Segment Start: THE DATA
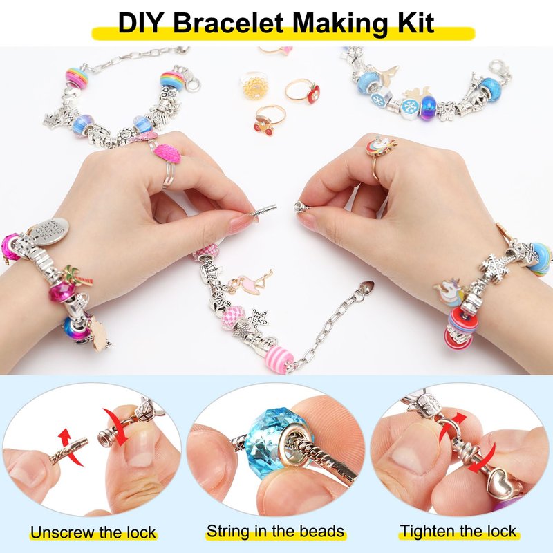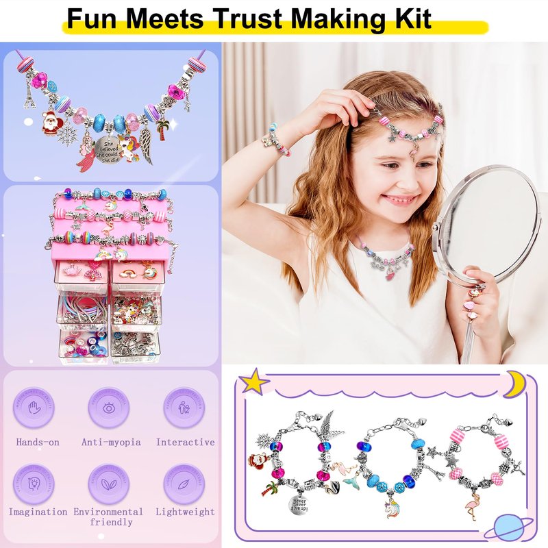 - ARTS AND CRAFTS FOR KIDS: Great charm bracelet kit,simple to use,No Tool,No Glue,No Mess. 4 5 6 year old girl toys,just unscrew the clasp to easily complete the bracelet. Jewelry box for girls of bracelets,necklaces,and rings are all ADJUSTABLE in size. Shiny beaded bracelets are suitable for teen girl gifts trendy stuff. Dress up & pretend play charms craft supplies for little girl toys age 4-5. Unlock your girl's creativity with this jewelry making supplies arts and crafts for kids ages 8-12
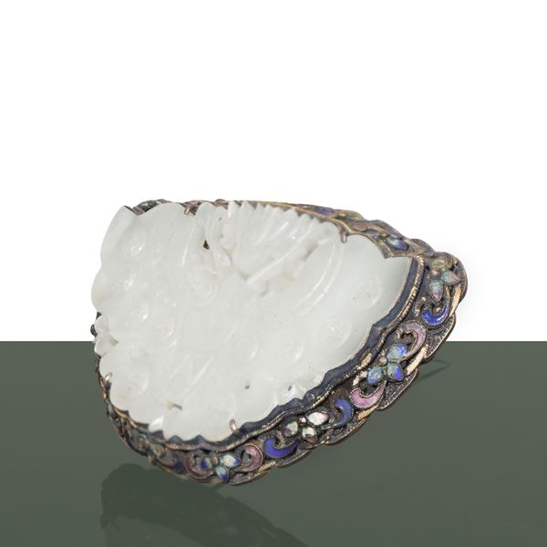 Chinese brooch in silver and white jade entirely hand-carved. Enamelled in blue, violets and light blue on the sides. "SILVER" written on the back.
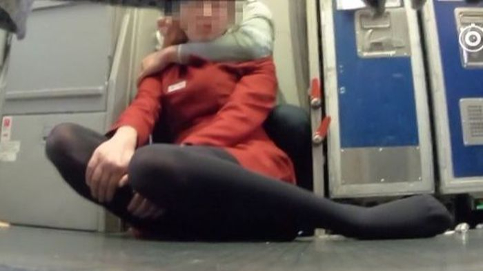 Sementara di bagian lain video lain memperlihatkan seorang pramugari duduk di lantai pesawat di dekat lemari penyimpan makanan.
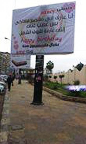 وكتب الزوج الشاب على اللافتة والتي تحمل خلفية قلب كبير “حبيبتي nancy أنا عارف إني مقصر معاكِ بس غصب عني أنتِ عارفه ظروف الشغل happy birth day عقبال مليون سنة (زوجك amr)”.
Segment End: THE DATA
- [EXERCISE OBJECTIVE] The whole listing above is to be printed again exactly; pictures stay out of it.

- [RESULT OF THIS EXERCISE]
 - ARTS AND CRAFTS FOR KIDS: Great charm bracelet kit,simple to use,No Tool,No Glue,No Mess. 4 5 6 year old girl toys,just unscrew the clasp to easily complete the bracelet. Jewelry box for girls of bracelets,necklaces,and rings are all ADJUSTABLE in size. Shiny beaded bracelets are suitable for teen girl gifts trendy stuff. Dress up & pretend play charms craft supplies for little girl toys age 4-5. Unlock your girl's creativity with this jewelry making supplies arts and crafts for kids ages 8-12
 Chinese brooch in silver and white jade entirely hand-carved. Enamelled in blue, violets and light blue on the sides. "SILVER" written on the back.
 Sementara di bagian lain video lain memperlihatkan seorang pramugari duduk di lantai pesawat di dekat lemari penyimpan makanan.
 وكتب الزوج الشاب على اللافتة والتي تحمل خلفية قلب كبير “حبيبتي nancy أنا عارف إني مقصر معاكِ بس غصب عني أنتِ عارفه ظروف الشغل happy birth day عقبال مليون سنة (زوجك amr)”.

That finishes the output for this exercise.